Task details
Leave out every picture and set down, exactly, the lines below from the one holding "国足VS日本首发阵容公布!" up to and including the one holding "Stunning Crocker Highlands".

Supplied data
------------------------

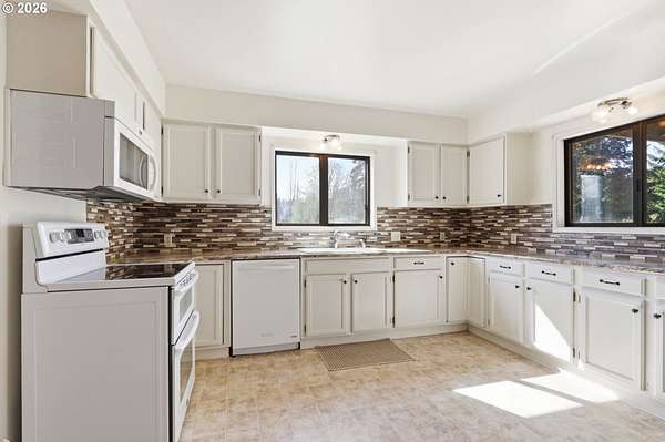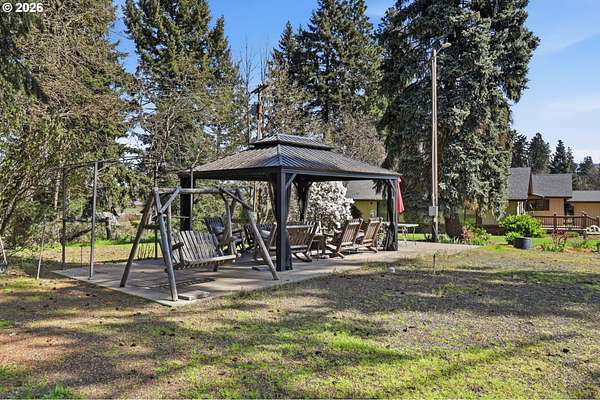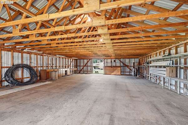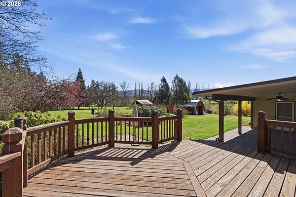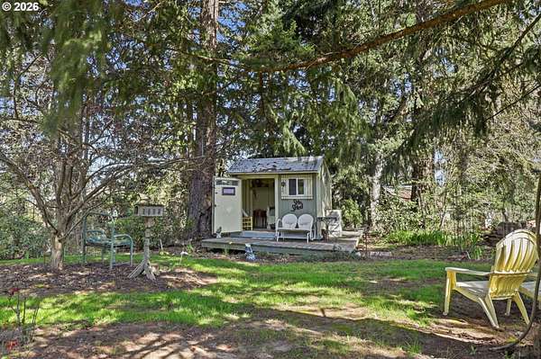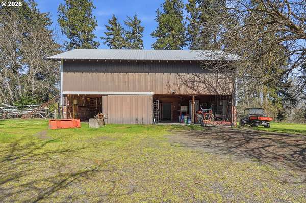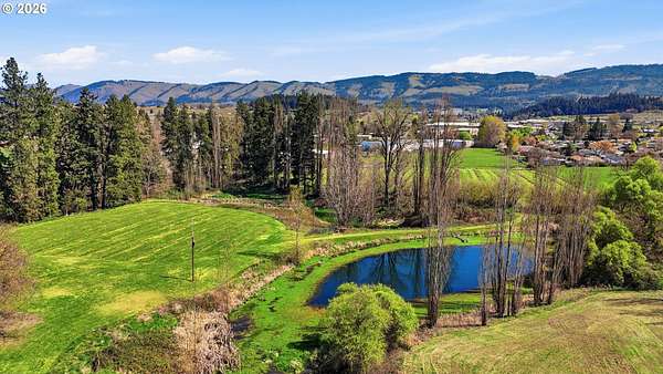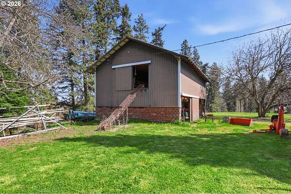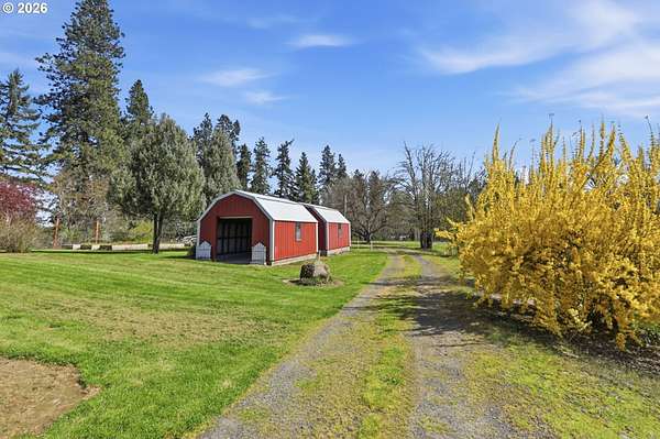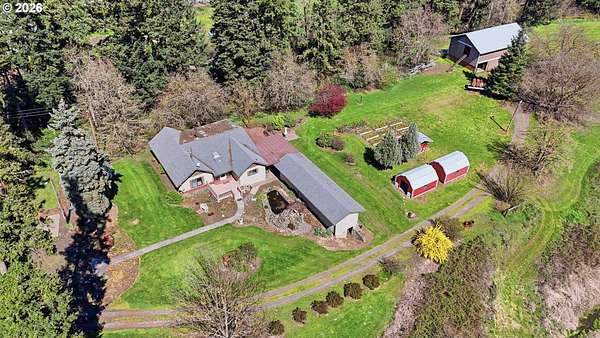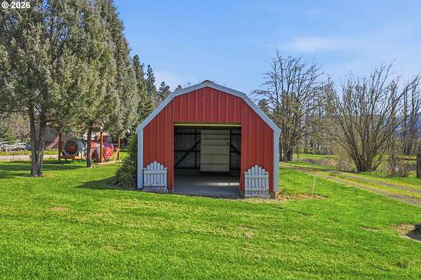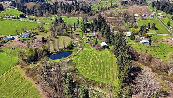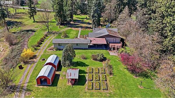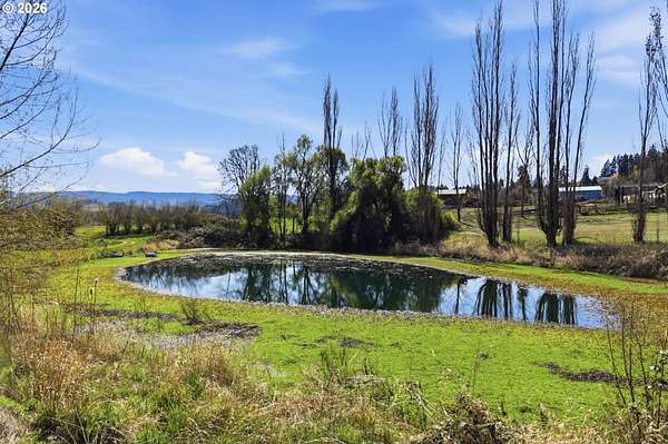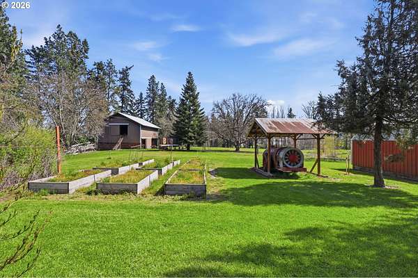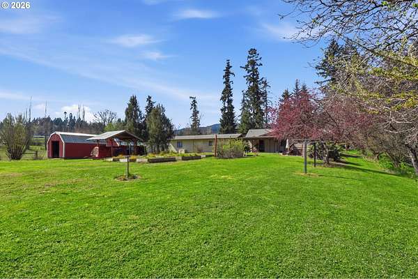 Nearly 20 usable acres in Hood River with a shop, outbuildings, and mountain views. The single-level home is filled with natural light and features a comfortable layout with a wood-burning fireplace, skylights, and easy flow between the living, dining, and kitchen spaces. Step outside, and it all opens up. The covered front patio is made for gatherings, whether it's summer barbecues or relaxed evenings with friends, while the back deck overlooks the garden area and the surrounding landscape. Eight raised garden beds and mature grounds create an ideal setup for growing or hobby farming, with most of the flat areas already equipped with full irrigation piping. The property benefits from irrigation rights through Hood River County, along with additional water rights supported by an on-site pond and a creek. The property is well-equipped with multiple outbuildings, including a very large two-story shop with cooling storage for fruit, two 12x16 red barn-style storage sheds, and an adorable she-shed that's perfect for crafting, reading, or a quiet retreat. A separate cabin adds even more flexibility and could be transformed into a guest house, farm store, or expanded living space. Gently sloping land with a mix of pasture, orchard potential, and open space is complemented by a pond and sweeping territorial and mountain views. This is the kind of property that supports both lifestyle and long-term versatility, all just a short drive from the heart of Hood River.
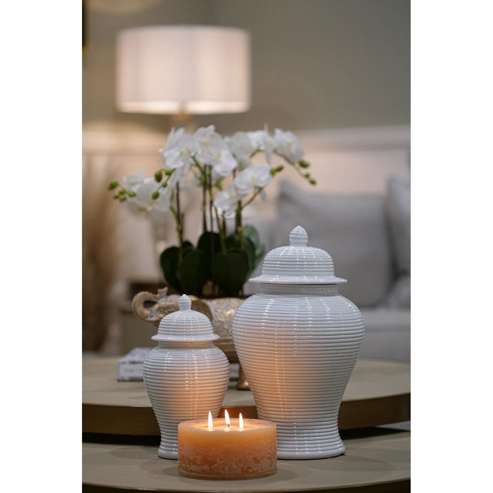 This white ridged porcelain ginger jar gives your interior that beach Hampton's vibe! Perfect for shelf styling, paired in two's or used as a solo feature piece.
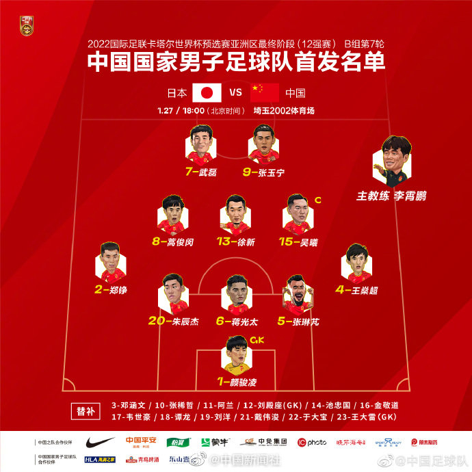 国足VS日本首发阵容公布!
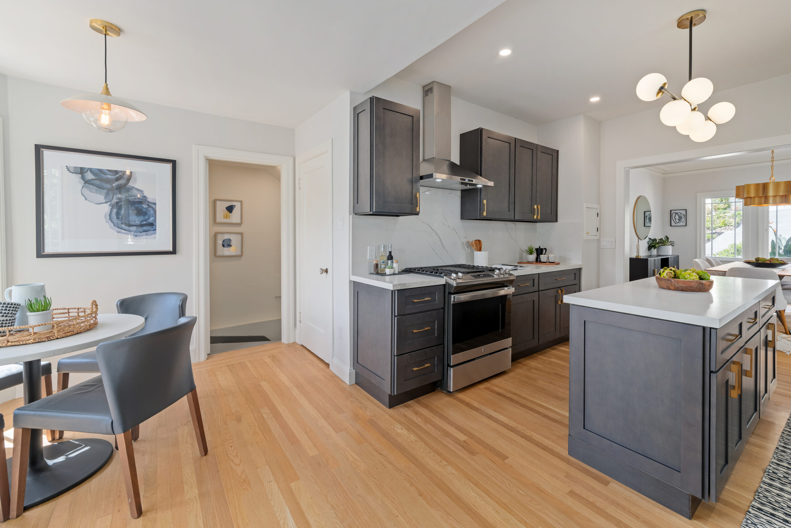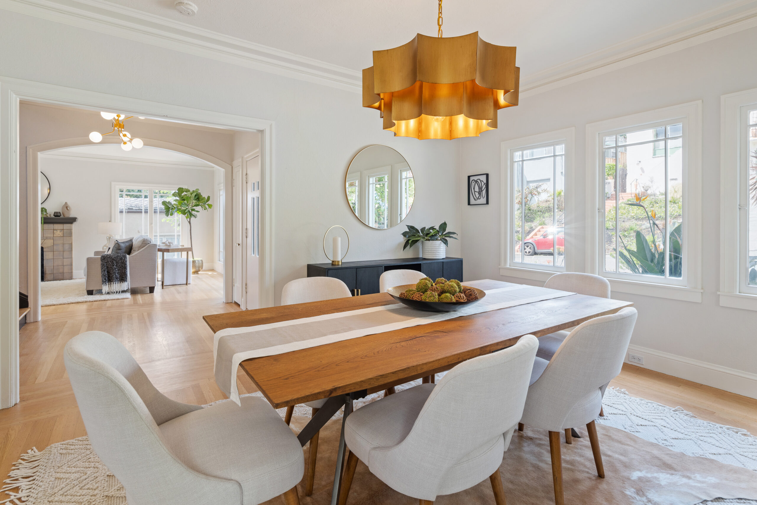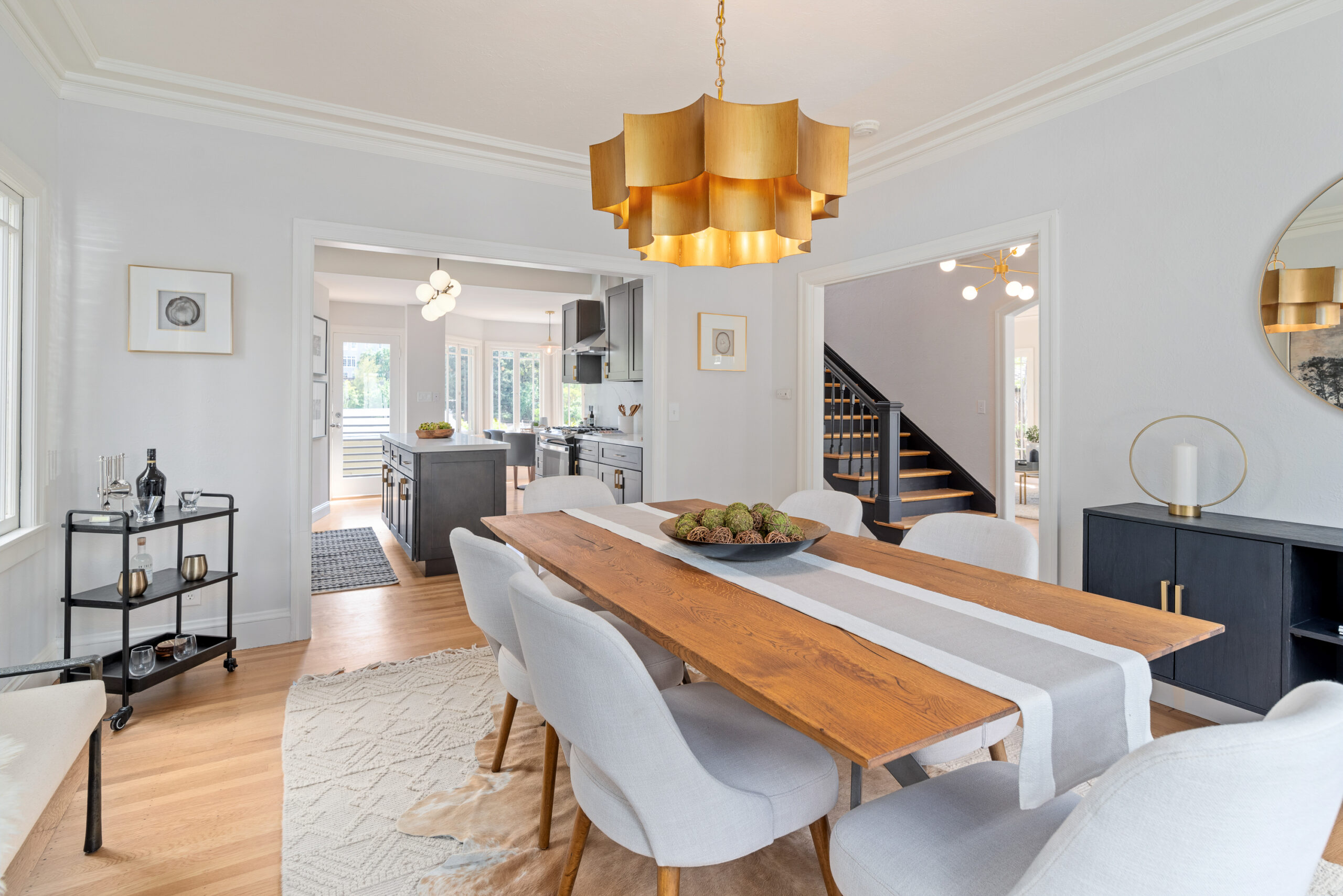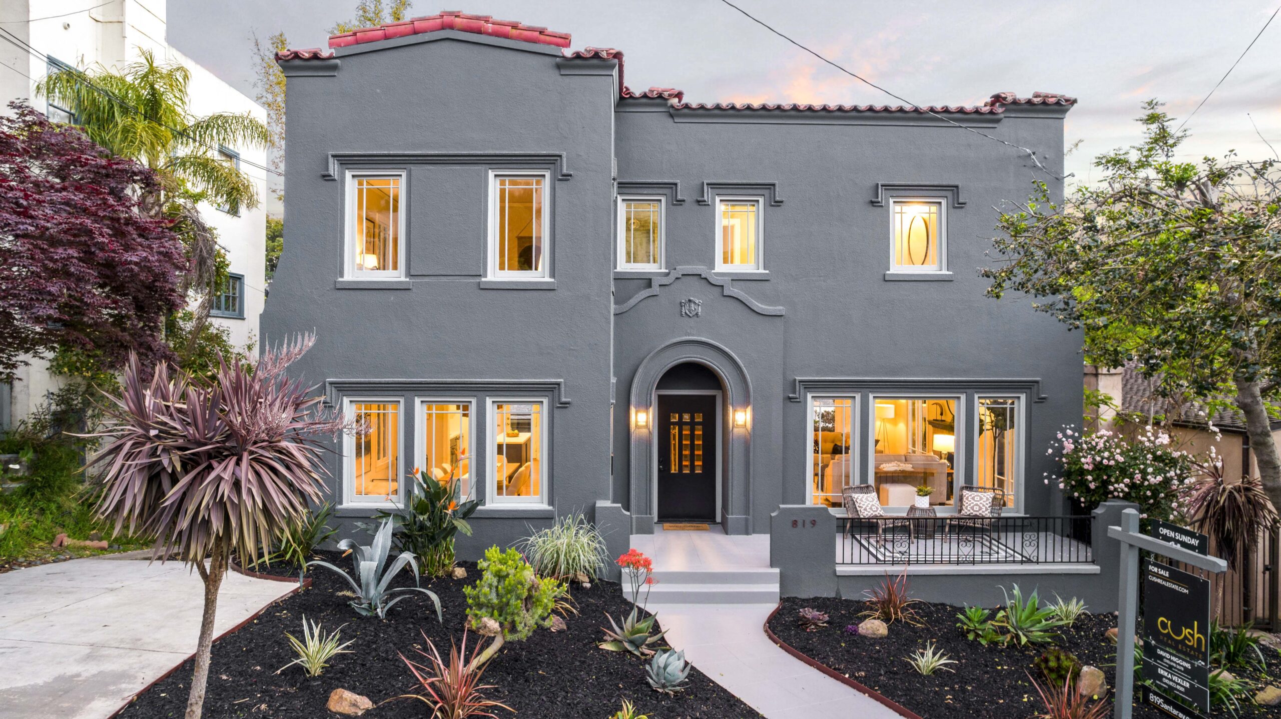 Stunning Crocker Highlands Mediterranean featuring Dwell inspired finishes. Light filled formal living and dining rooms, recently renovated kitchen with stone counters, inset sink, center island and stainless appliances including gas range and 4-door LG refrigerator. Dramatic foyer with designer lighting, wallpaper and impressive staircase leading to three well proportioned bedrooms including a primary suite with modernized full bath and a highly stylized full hall bathroom.
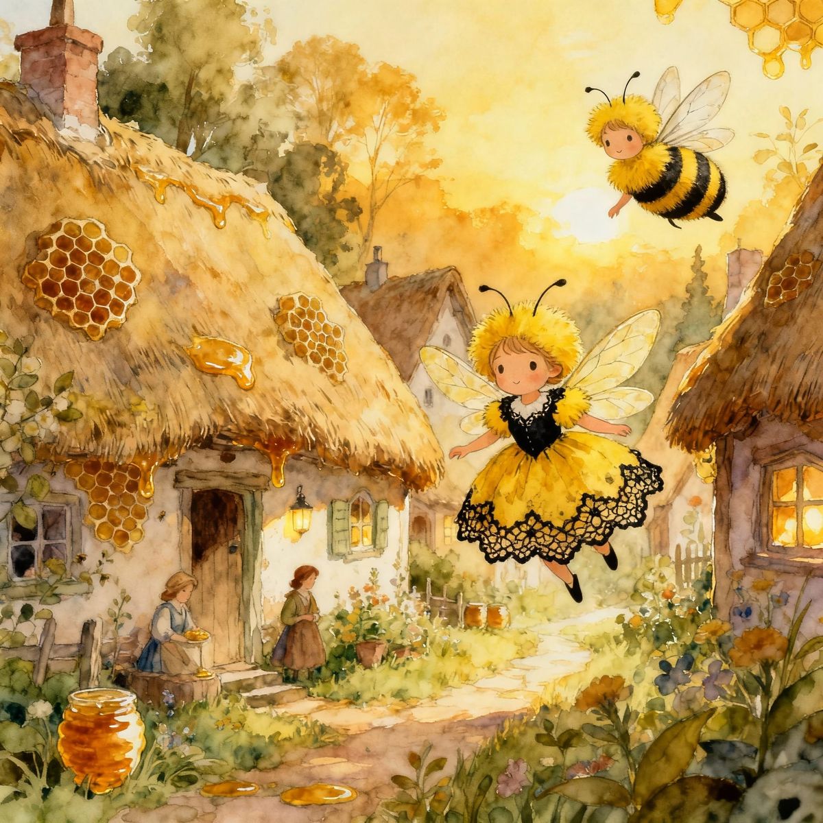 This image shows cute bee fairies with human faces and lace dresses in a whimsical village. Rendered in a charming watercolor style with soft brushstrokes and vibrant colors.

------------------------

Result below
 国足VS日本首发阵容公布!
 Stunning Crocker Highlands Mediterranean featuring Dwell inspired finishes. Light filled formal living and dining rooms, recently renovated kitchen with stone counters, inset sink, center island and stainless appliances including gas range and 4-door LG refrigerator. Dramatic foyer with designer lighting, wallpaper and impressive staircase leading to three well proportioned bedrooms including a primary suite with modernized full bath and a highly stylized full hall bathroom.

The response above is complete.